Finding a distribution of the data is a crucial part of my thesis. I have to process this step in R eventhough there are some other tools to get these information in fast. I made some search to analyze which distribution fits best for the given variable, this instructions guided me a bit.
For instructions: via stackoverflow: how-to-determine-which-distribution-fits-my-data-best
However, I am lost to have distributions of the variables since I have about 18.
For example;
http://www.filedropper.com/samplest
library(fitdistrplus)
importeddata <- read.csv(file.choose(), sep=";",na.strings = "", stringsAsFactors=FALSE, header = TRUE)
for(i in 1:tail(ncol(importeddata))){
importeddata[,i] <- gsub(",", ".", importeddata[ , i])}
xx<- as.matrix(as.data.frame(lapply(importeddata, as.numeric)))
descdist(xx[,1])
I can say that this variable may fit uniform, beta or normal distributions. Let's see.

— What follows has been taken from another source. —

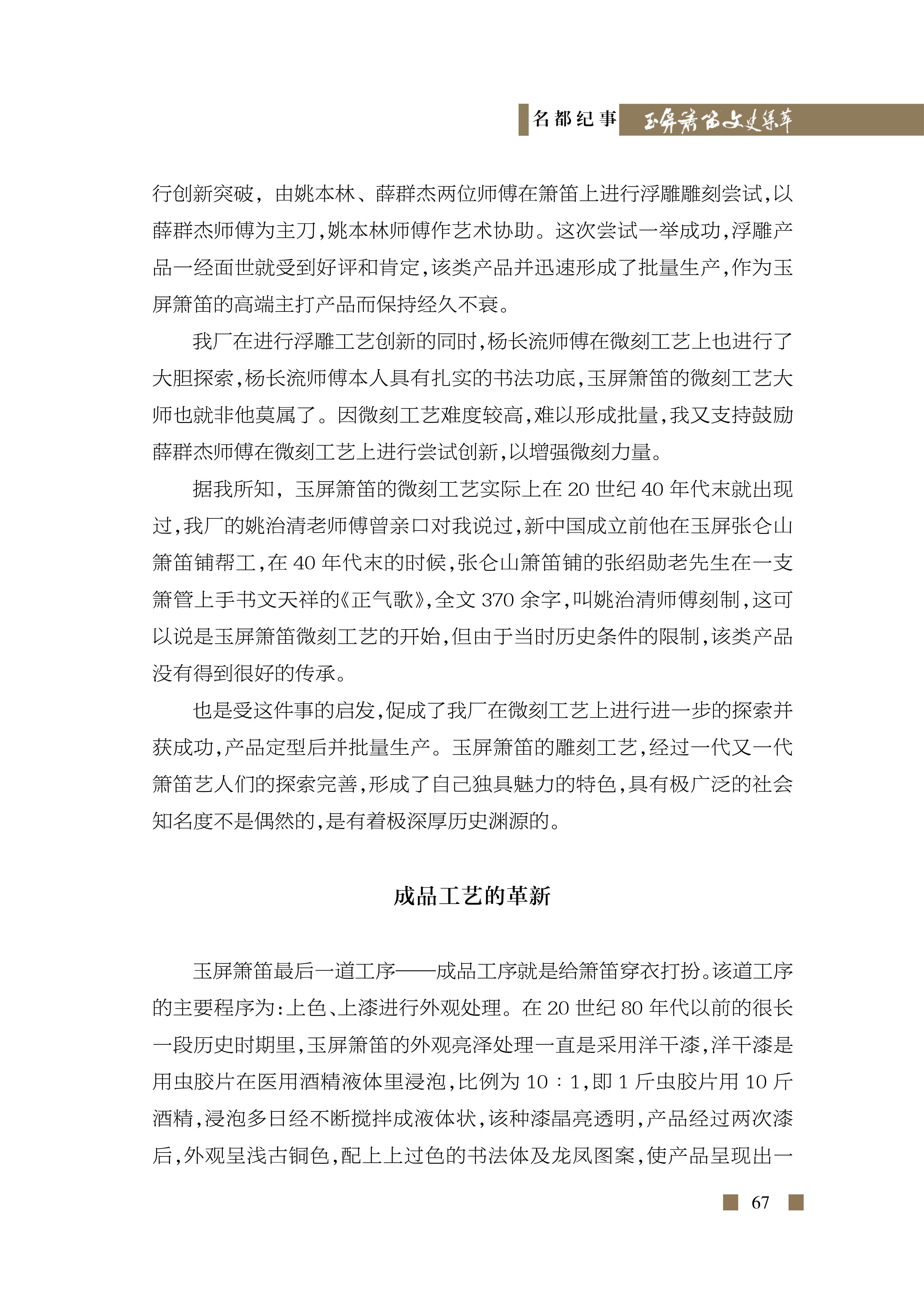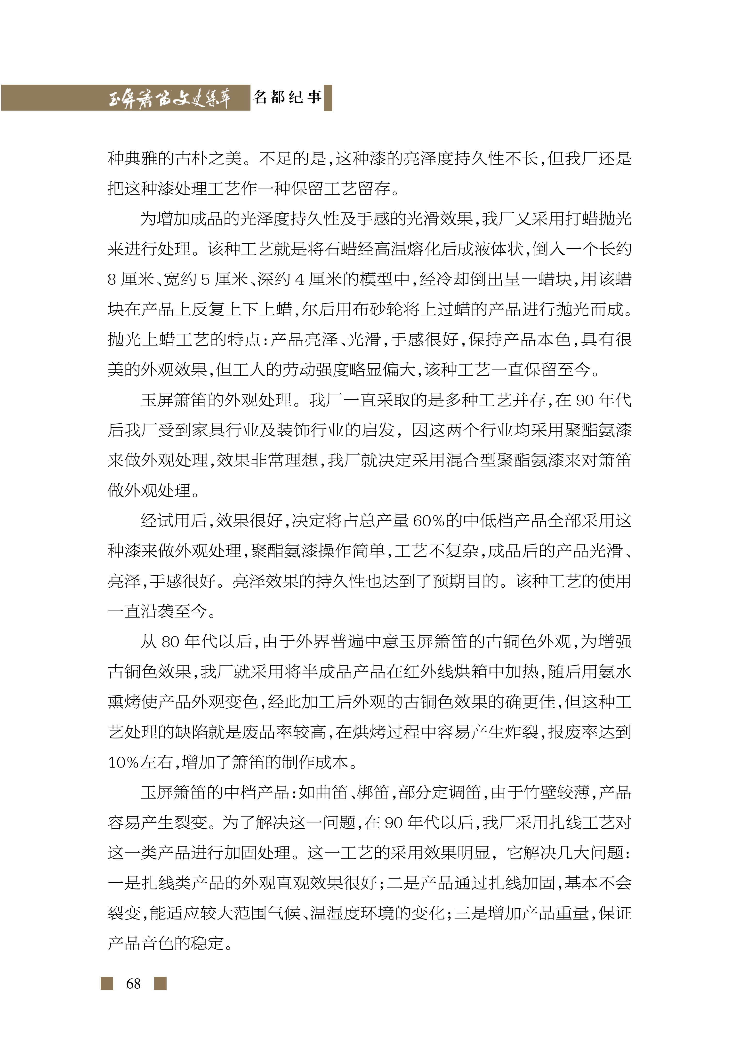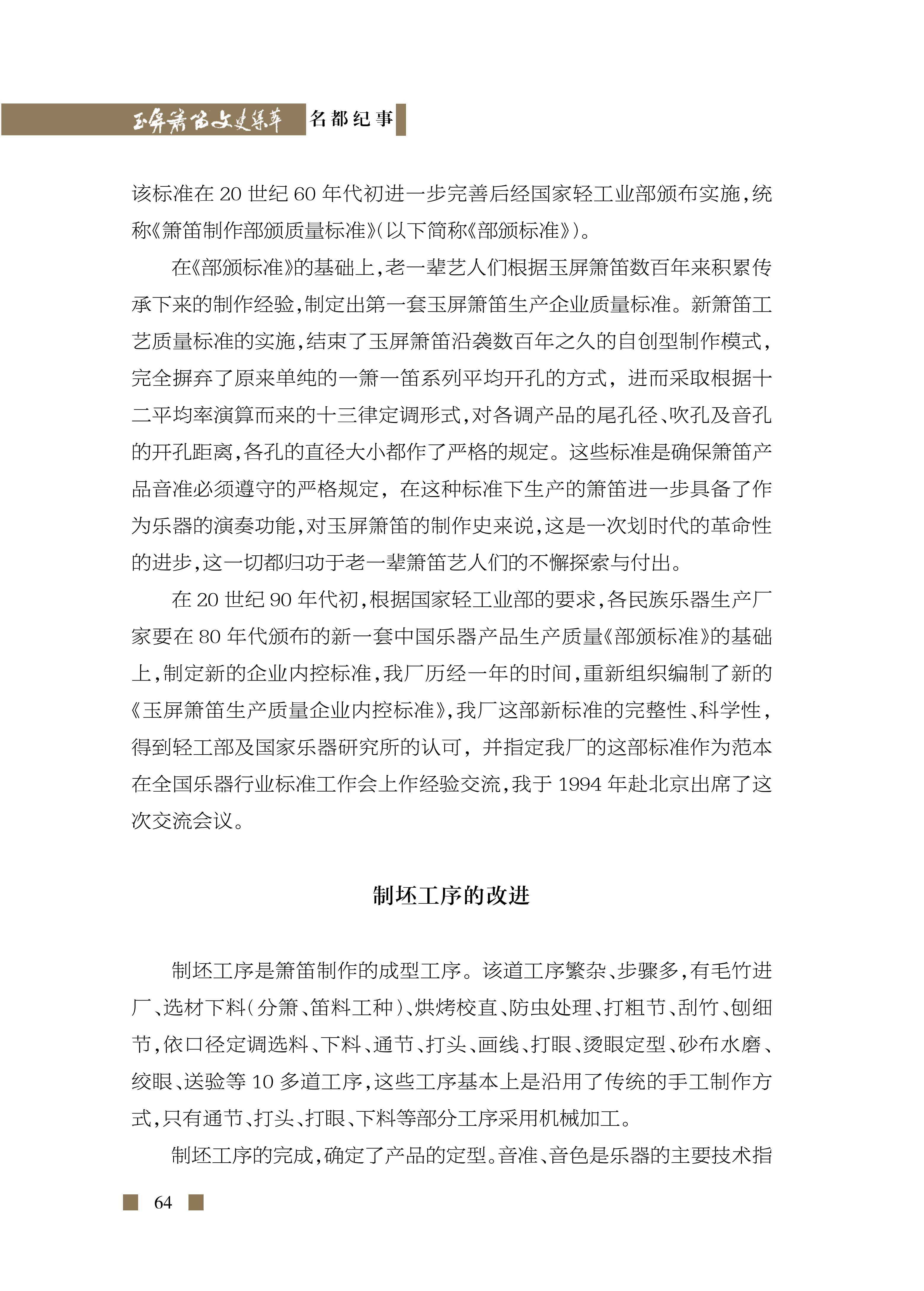 玉屏箫笛生产工艺的历史沿革 张进贤《玉屏箫笛文史集萃》

fit.norm <- fitdist(xx[,1], "norm")
fit.norm
Fitting of the distribution ' norm ' by maximum likelihood
Parameters:
estimate Std. Error
mean 13.428316 0.3652664
sd 7.120353 0.2582823
plot(fit.norm)
However, beta causes an error. Because, the beta distribution is a family of continuous probability distributions defined on the interval [0, 1] parametrized by two positive shape parameters, denoted by α and β, that appear as exponents of the random variable and control the shape of the distribution.
fitdist(xx[,1], "beta")
Error in start.arg.default(data10, distr = distname) : values must be in [0-1] to fit a beta distribution
fit.uni <- fitdist(xx[,1], "beta")
Fitting of the distribution ' unif ' by maximum likelihood
Parameters:
estimate Std. Error
min 3.12 NA
max 29.64 NA
plot(fit.uni)
fit.uni$aic
[1] NA
fit.norm$aic
[1] 2574.241
There are two questions to be asked:
- May I directly said that xx variable is normally distributed N(13.42,7.12)? How can I compare the distributions better or not?
- Is there alternative way to have these informations? Because it is going to be repeated 18 times.

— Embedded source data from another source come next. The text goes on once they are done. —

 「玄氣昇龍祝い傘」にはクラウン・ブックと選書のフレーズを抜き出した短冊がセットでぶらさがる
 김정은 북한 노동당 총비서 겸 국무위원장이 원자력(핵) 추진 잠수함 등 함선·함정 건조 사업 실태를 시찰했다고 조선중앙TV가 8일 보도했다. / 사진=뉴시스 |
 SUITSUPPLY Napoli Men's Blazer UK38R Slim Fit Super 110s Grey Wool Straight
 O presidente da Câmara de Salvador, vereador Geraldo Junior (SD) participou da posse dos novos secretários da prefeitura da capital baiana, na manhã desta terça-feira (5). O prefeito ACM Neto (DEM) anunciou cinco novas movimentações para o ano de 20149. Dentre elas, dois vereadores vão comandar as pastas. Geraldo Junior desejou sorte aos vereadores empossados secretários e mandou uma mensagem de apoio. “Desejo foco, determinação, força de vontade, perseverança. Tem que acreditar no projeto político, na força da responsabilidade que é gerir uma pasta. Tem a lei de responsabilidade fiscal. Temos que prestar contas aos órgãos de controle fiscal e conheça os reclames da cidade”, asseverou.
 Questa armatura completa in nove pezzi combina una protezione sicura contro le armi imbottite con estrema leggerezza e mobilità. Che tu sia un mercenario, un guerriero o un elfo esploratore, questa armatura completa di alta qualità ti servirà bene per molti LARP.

This data had been gathered for market research which includes, duration, and the answers of the participants for asked question. I wanted to analyze normal, uniform and gama, since obersvation is close to them. I do not know exactly how can I find a distribution of raw data. That's why I may be looked as lost.
– can.u Sep 21 '16 at 18:54